Hunsicker had hit the three –month mark in her pregnancy by the time she was working on the third pastel, “Illumination.” “Color came in once I was past three months…color represented hope.” She had begun to sense that maybe everything would be alright.

“Genesis” came at four months, when Hunsicker allowed herself to celebrate the pregnancy. “I knew everything was going to be fine. All the fear and grief was transformed into hope.” “Genesis” is an orchestrated explosion of color, “the spark of life.”

Hunsicker said she looked at people’s eyes to get the inspiration for the explosion. In the very center of the dark, inside the white genesis, she drew what she now calls “the fetus,” the miscarried bit of life that had been her hope more than nine months ago. “It’s a thank you”, she said.

Hunsickers son Benjamin is now 4 years old. Her miscarriage, the decision she had to make that enabled her to carry a pregnancy to term, and the work she did as an artist to embrace her experience, carried her along and opened her palette to the masculine part of creation.

“It’s like Yin and Yang.” She said with a happy smile. “Instead of just exploring the feminine in nature, now I want to explore both the masculine and feminine in nature.”

Walk into Hunsicker’s studio these days and the first thing you see is a large canvas of a slender man, bare chested, jeans riding so low on his hips they almost look unbuttoned. His face is in profile, he’s staring at his hand, and around him are painted dragonflies. It’s a portrait of a friend with his totem, the dragonfly.

The oil painting is her second of a man. The first masculine painting compliments an earlier canvas. In that painting, a woman is holding a blanket up to her chin, a blanket that cascades out of the painting in folds, the shapes of which resemble bird feathers.
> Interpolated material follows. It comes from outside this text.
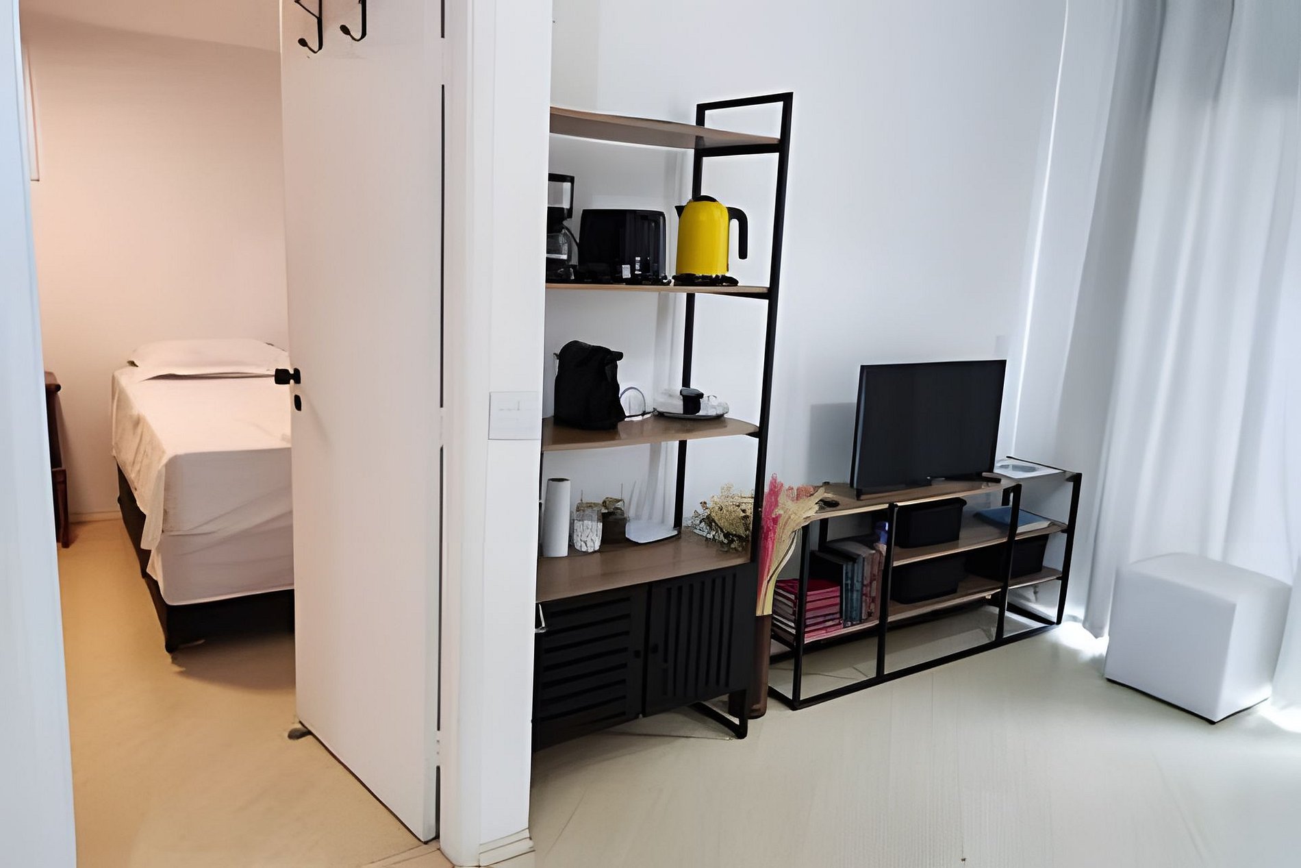 Não compartilhado com outros hóspedes Flat de 40m2 de Sala, Quarto, Banheiro e Box com chuveiro e varandas na sala e quarto. Completo com mobília, Tv Smart com Netflix, Ar-condicionado. Cozinha com fogão e utensílios, panelas, frigobar, liquidificador, cafeteira e micro-ondas para você preparar sua própria refeição. Tábua e ferro de passar. Secador de cabelo. Varal de pé para secar roupas, Ducha higiênica. Também tem serviço de quarto com arrumação diária feita pela camareira do condomínio É fornecido roupas de cama: lençóis, fronhas, cobertas ou Edredons e toalhas de banho e travesseiros Atendimento de recepção e garagem é 24hs com isso após ás 14h00, pode chegar qualquer horário. Wi-fi via roteador disponível no flat. No piso ( C ) cobertura tem academia básica e sauna seca. Pode receber visitas de amigo-as no flat qualquer hora. A VAGA DE GARAGEM FICA NO SUBSOLO DO PRÉDIO, ONDE É COBRADO APENAS UMA TAXA DE R$ 10,00 POR DIÁRIA, PAGAMENTO DIRETO NO LOCAL E NÃO PRECISA RESERVAR. Não marcada sujeito a uso de manobrista. Nas redondezas por cerca de 8 minutos consegui ir andando do flat a cada local como: Metrô São Joaquim; Hospitais: A. C. Camargo (Câncer Center), Adventista, Osvaldo Cruz e LeForte; FMU, Unip Vergueiro, Uninove, Unicsul, Nikkey Palace, Free Palace, Lesques Brasil, Casa de Portugal, G. loja maçonica, Teatro Liberdade, Bunkyo e Sociedade Br da Cultura japonesa e Hakka Eventos. 2 minutos andando até o Bunkyo e Sociedade brasileira da cultura Japonesa e Hakka Eventos; Fácil acesso ao Brás e 25 de março e avenida Paulista. Na medida do possível costumo ser flexível no horário de check-in e check-out (Consulte). Entrada a partir das 14h00; Saída até meio dia 12h00.1 cama de casal e 1 sofá cama casal. Na medida do possível costumo ser flexível no horário de check-in e check-out (Consulte).

The blanket is alive with vines, leaves, rosebuds, branches and at the bottom a bird’s nest with eggs.

The woman she finished in 2004. The man she began shortly thereafter. He stands with intense eyes and pulls on a blanket of the same weave as the woman’s.

Hunsicker said she liked to think of the paintings placed opposite each other. “Sometimes I think he is pulling the blanket off her,” she said laughing.

 .......................................................................................................


Misconception - Illumination by Alicia HunsickerIn a search for healing, transformation, and closure,  I created the “Misconception” pastel series. Each piece represents a part of a difficult life experience.
   
Like a storyboard, this is my story of infertility, a uterine birth defect, a miscarriage, an operation to fix my heart shaped uterus, and a successful pregnancy. As well as the feelings I felt throughout this process.

I wanted to acknowledge, document, and honor this seven-year experience.  Most of all I wanted to validate the existence of the child I lost.   Although losing a child by miscarriage is a horrible thing to go through, it was this experience that made it possible for me to experience the joy of having a child.  Doing this series helped me to transform my grief and fear into a positive experience. I hope that by sharing this personal work it will help others.

I used ultrasound pictures of the different stages I went through as a starting point during the creation of each piece.